Lidar maker Ouster is suing China’s Hesai Group for patent infringement and wants the U.S. International Trade Commission to investigate the company for illegally importing technology based on five of Ouster’s lidar patents.

Ouster filed its complaint with the USITC against rival lidar maker Hesai and its related entities on Wednesday.

San Francisco-based Ouster also filed a patent infringement lawsuit against Hesai in the U.S. District Court for the District of Delaware, seeking monetary damages and an import ban against the company’s lidars.

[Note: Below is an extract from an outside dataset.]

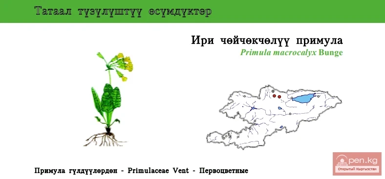 Status: VU. This sporadically distributed widespread species is a rare, very narrowly spread plant in Kyrgyzstan. The specific area is mosaic and includes Eastern Europe, the Caucasus, Iran, Northern Tien Shan, Western and Eastern Siberia. In the Republic, it is distributed in the Alexander Mountain Range (the area between the rivers Kegety and Taldy-Bulak) and occurs at glades and meadow slopes in the forest zone and in tall-herb meadows. Period of flowering: May; reproduction is generative (by seeds); the species is unstudied in culture in Kyrgyzstan. The number in nature is insignificant. Limiting factors: mass collection of flowers and harvesting as a medicinal and vitamin-rich plant. It is necessary for the renewal of numbers and the conservation of the area: to organize special protection of habitats and to introduce it in botanical gardens as a plant of ornamental and medicinal value.

“What we’ve filed is a preliminary step, a request with the ITC to consider our case,” Ouster co-founder and CEO Angus Pacala told Automotive News. “Ouster’s goal is to seek a ban of the infringing products in the United States, this is the first step in a series of steps to ultimately reach that goal.”

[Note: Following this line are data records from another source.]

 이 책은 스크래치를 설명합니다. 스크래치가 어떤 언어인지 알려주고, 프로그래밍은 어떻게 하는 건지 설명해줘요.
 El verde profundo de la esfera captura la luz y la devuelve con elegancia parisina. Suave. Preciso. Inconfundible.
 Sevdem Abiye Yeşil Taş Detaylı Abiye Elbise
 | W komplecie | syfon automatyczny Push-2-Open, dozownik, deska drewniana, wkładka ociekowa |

Ouster wants the commission to issue a limited exclusion order and a cease-and-desist order against Hesai and its related entities to prevent them from importing lidar devices, components, and products allegedly infringing on Ouster’s patents.

“Ouster’s complaint sets forth how, after the market shifted toward Ouster’s digital lidar, Hesai stole Ouster’s revolutionary patented technologies and incorporated them into Hesai’s competing products,” the company said in a statement.

Ouster’s request for a federal jury trial said the company suffered “lost sales, lost profits and lost market share.

As well as providing sensor products to China’s military, Ouster’s lawyers noted the company boasted of being incorporated in the Cayman Islands, which may protect it from legal action in China, since the country does not recognize and enforce Cayman Island court judgments reciprocally.

Hesai has dealt with patent litigation in the past. Another lidar maker, Velodyne, which merged with Ouster in February, sued Hesai over patents in China, Germany and the U.S. in 2019.

Velodyne settled with Hesai for “millions” in 2020 and ongoing royalties that will be paid through 2030, according to a 2021 U.S. Securities and Exchange Commission filing.

The companies, “entered a long‑term global cross-licensing relationship encompassing a broad range of 360-degree surround-view Lidar sensors,” according to a joint statement issued in 2020.

Hesai did not respond to Automotive News’ request for comment on Ouster’s suit.

“We’ve been really building a case over many years,” Pacala said about Ouster’s suit. “But at this point, what we saw at the beginning of the year was a very brazen set of public information from Hesai at CES.”

Hesai’s March initial public offering, along with the associated filings outlining their business and technology plans, basically mirrored Ouster’s plans, Pacala said.

Pacala declined to disclose the financial impact of Hesai’s alleged patent infringement but broadly noted China’s potential impact on the U.S. automotive technology and mobility sectors.

“This is part of a broader problem that we’ve seen with Chinese technology companies, Chinese lidar companies that are impacting U.S. jobs, U.S. privacy and U.S. security by infringing on technical achievements made by U.S. companies and then redeploying that technology into our critical infrastructure, into our transportation networks and our ports and airports and into the cars that you and I potentially drive,” Pacala said. “And it’s insane it’s being allowed.”